*REQUIRED WORK*:
For the listing beneath, state how many lines contain the string "diseño". Give the number by itself.

══════════════════════════════

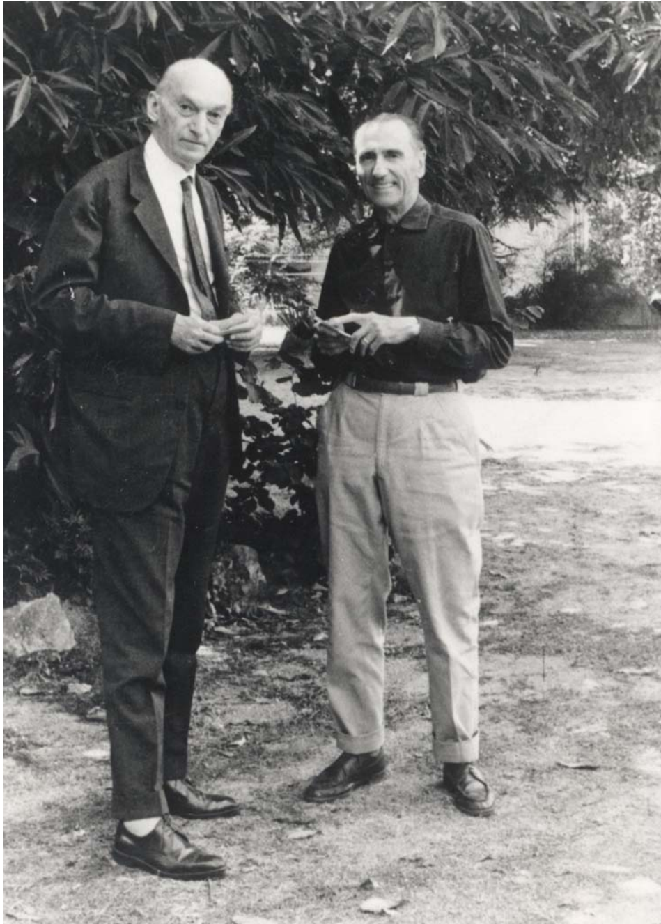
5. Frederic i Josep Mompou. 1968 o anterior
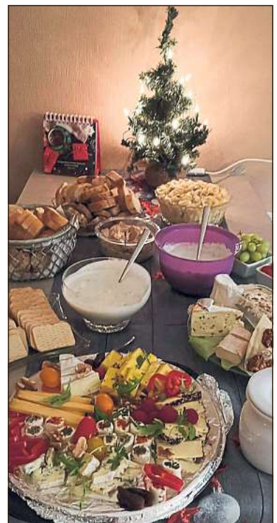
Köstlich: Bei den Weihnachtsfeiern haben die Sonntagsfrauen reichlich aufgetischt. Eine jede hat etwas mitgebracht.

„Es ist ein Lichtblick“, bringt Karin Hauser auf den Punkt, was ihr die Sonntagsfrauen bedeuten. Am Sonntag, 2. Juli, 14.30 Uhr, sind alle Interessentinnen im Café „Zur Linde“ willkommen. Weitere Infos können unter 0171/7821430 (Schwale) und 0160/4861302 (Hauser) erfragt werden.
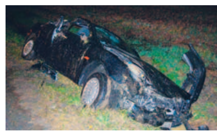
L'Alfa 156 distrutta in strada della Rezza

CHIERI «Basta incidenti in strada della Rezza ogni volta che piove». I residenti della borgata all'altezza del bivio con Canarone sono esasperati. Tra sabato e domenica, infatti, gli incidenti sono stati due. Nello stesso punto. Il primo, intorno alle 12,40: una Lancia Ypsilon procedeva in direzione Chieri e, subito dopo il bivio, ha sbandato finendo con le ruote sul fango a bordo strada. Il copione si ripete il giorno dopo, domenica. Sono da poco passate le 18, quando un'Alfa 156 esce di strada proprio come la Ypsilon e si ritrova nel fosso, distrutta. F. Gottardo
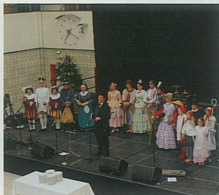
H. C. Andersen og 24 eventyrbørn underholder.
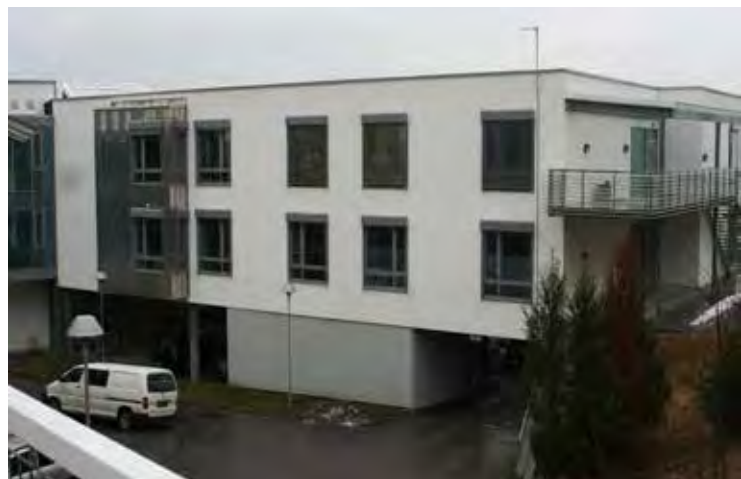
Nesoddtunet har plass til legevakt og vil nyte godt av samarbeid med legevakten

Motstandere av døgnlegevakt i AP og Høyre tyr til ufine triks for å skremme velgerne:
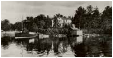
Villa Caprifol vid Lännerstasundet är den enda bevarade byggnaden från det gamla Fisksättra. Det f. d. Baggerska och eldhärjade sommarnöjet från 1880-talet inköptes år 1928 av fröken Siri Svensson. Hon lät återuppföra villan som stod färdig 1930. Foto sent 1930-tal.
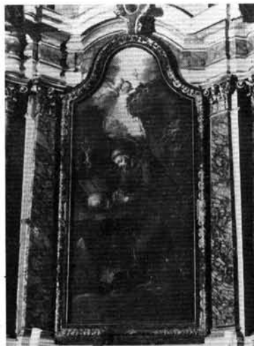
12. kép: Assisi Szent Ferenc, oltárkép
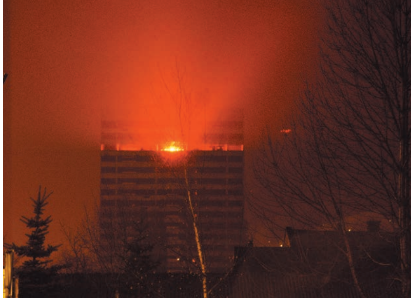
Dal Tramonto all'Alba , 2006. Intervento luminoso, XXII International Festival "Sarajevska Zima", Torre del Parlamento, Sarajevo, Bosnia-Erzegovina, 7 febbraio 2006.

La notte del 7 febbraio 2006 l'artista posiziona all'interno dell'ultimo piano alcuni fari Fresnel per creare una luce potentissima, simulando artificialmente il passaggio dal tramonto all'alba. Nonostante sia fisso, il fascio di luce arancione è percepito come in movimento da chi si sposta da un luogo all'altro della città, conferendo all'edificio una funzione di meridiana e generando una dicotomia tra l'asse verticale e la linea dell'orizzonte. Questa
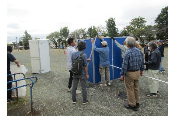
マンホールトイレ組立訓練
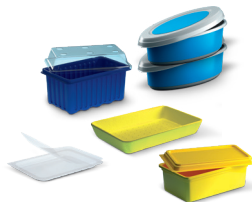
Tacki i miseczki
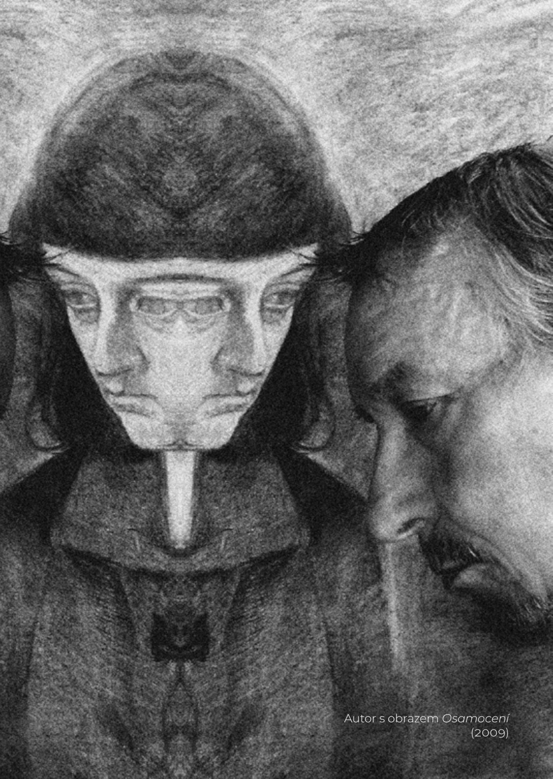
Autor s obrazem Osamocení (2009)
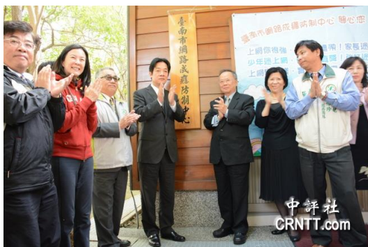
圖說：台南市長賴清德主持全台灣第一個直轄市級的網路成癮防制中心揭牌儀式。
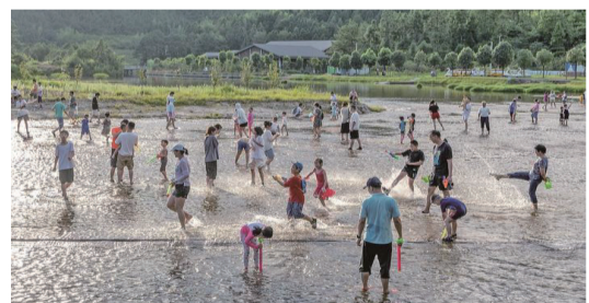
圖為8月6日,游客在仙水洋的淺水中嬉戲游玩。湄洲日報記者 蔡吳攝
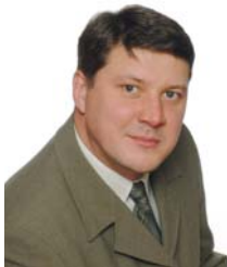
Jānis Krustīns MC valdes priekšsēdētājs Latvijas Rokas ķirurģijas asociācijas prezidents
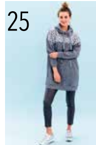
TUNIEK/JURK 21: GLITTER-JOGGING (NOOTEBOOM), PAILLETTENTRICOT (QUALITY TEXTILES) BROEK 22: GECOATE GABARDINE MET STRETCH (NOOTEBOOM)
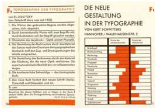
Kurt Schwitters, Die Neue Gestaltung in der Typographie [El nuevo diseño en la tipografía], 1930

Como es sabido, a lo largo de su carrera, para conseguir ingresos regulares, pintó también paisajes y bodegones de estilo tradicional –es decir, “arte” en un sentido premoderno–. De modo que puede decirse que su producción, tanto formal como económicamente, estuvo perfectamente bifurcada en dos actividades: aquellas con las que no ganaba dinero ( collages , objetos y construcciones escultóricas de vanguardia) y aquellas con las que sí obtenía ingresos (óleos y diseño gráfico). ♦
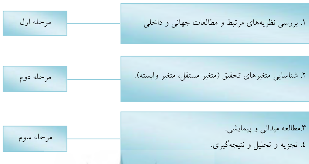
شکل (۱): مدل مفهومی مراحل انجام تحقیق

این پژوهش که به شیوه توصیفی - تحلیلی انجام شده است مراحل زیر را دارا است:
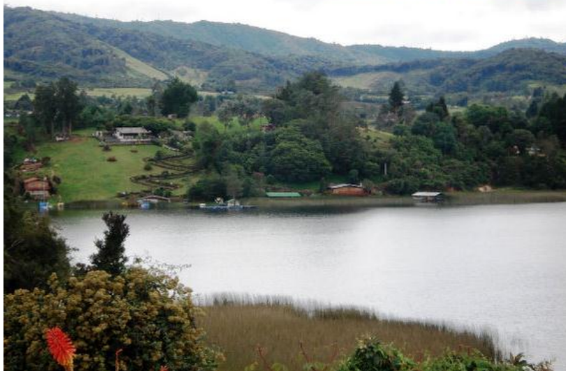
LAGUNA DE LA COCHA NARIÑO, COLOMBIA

══════════════════════════════

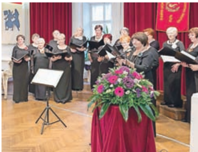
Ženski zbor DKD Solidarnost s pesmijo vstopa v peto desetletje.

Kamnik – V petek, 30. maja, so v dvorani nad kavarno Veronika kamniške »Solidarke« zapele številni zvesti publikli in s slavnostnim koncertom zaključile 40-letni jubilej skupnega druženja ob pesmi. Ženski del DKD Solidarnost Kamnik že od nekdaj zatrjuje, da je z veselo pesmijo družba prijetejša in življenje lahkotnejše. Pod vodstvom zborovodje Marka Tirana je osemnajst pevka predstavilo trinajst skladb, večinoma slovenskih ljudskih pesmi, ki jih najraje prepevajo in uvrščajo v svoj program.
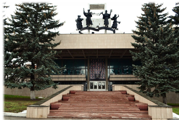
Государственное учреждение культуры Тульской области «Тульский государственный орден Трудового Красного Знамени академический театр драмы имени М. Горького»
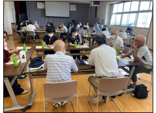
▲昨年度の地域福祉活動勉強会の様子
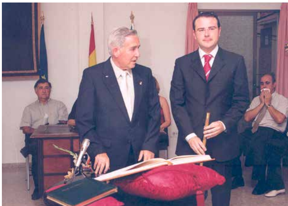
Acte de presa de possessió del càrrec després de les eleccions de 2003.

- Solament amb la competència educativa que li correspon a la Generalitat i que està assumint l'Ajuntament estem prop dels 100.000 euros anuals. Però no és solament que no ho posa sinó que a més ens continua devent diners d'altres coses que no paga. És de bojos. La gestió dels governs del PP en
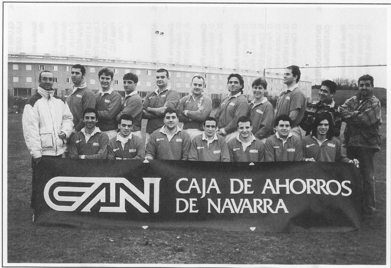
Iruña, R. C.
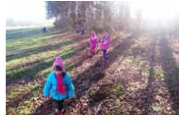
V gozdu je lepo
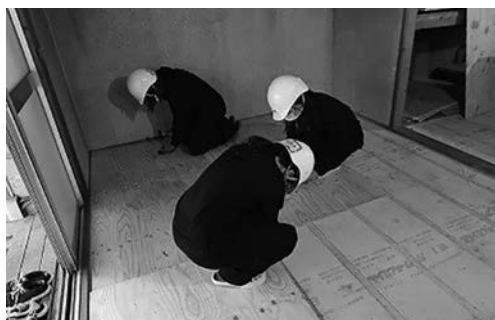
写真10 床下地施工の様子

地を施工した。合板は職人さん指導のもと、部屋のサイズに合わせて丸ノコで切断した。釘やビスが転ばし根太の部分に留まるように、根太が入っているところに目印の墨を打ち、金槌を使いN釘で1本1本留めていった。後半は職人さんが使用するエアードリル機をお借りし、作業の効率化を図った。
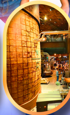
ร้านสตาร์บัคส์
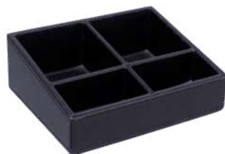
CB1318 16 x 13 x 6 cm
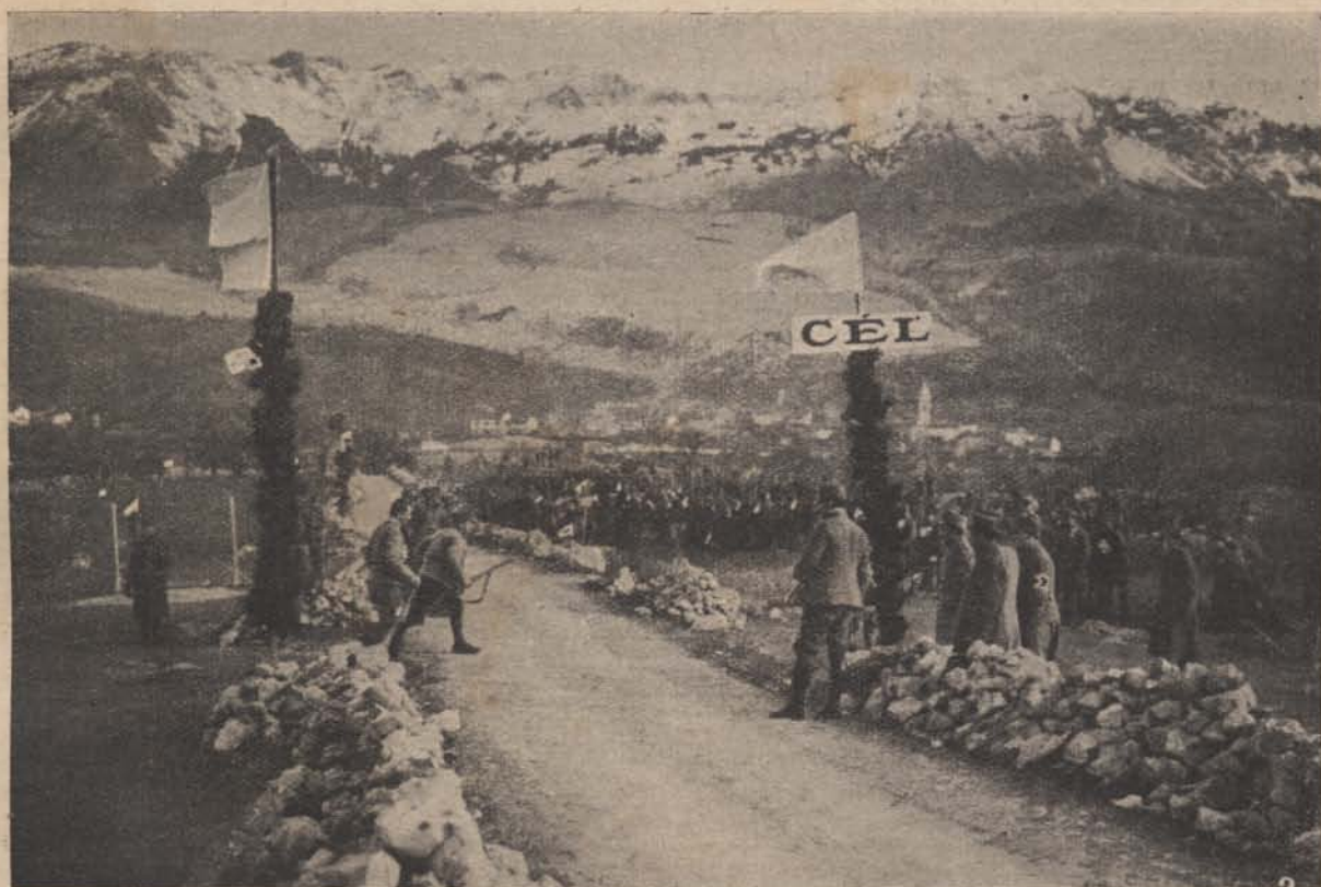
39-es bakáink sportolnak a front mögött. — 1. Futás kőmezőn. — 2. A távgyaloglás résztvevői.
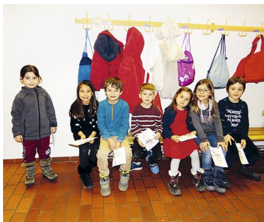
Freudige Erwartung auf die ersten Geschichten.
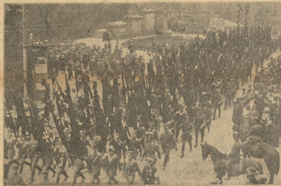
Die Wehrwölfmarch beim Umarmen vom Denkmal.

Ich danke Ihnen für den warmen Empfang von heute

══════════════════════════════

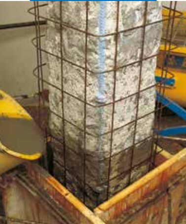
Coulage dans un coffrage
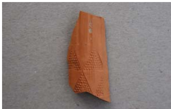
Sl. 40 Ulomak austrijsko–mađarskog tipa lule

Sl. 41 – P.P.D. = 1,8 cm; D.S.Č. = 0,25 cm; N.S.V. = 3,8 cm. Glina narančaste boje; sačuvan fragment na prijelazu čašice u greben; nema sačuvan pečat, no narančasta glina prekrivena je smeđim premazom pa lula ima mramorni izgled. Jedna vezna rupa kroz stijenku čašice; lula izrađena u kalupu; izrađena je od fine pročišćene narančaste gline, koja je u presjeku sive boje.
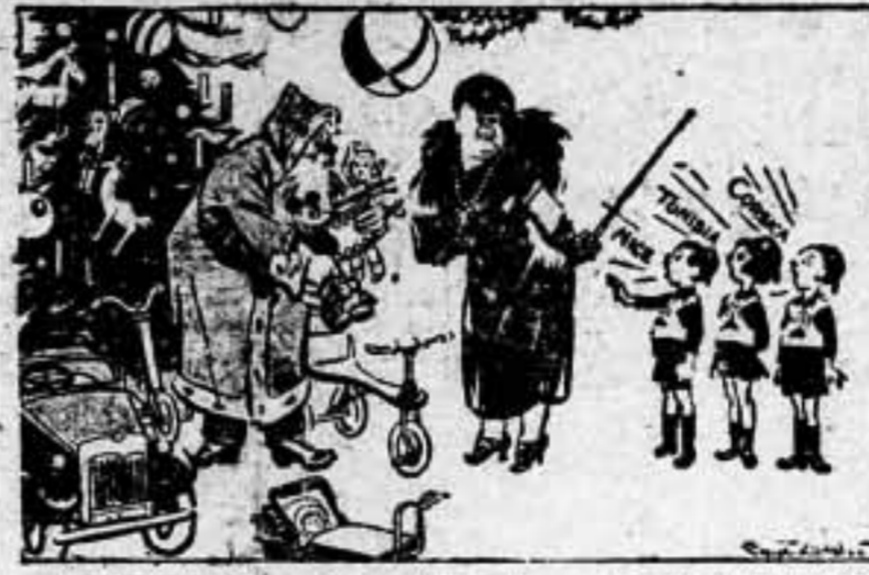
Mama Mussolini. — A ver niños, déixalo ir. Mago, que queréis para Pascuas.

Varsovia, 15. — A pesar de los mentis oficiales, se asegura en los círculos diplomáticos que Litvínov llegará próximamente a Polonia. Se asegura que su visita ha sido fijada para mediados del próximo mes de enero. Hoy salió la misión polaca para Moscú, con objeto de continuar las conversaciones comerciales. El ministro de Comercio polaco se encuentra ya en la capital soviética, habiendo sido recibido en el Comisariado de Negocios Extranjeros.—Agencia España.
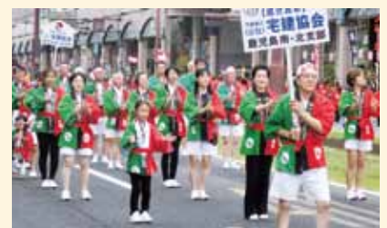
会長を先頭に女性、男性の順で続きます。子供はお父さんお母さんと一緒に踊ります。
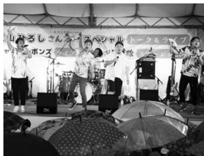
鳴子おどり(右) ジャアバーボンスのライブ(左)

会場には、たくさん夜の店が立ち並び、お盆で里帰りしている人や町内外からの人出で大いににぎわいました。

══════════════════════════════

*ANSWER TO THIS PROBLEM*:
2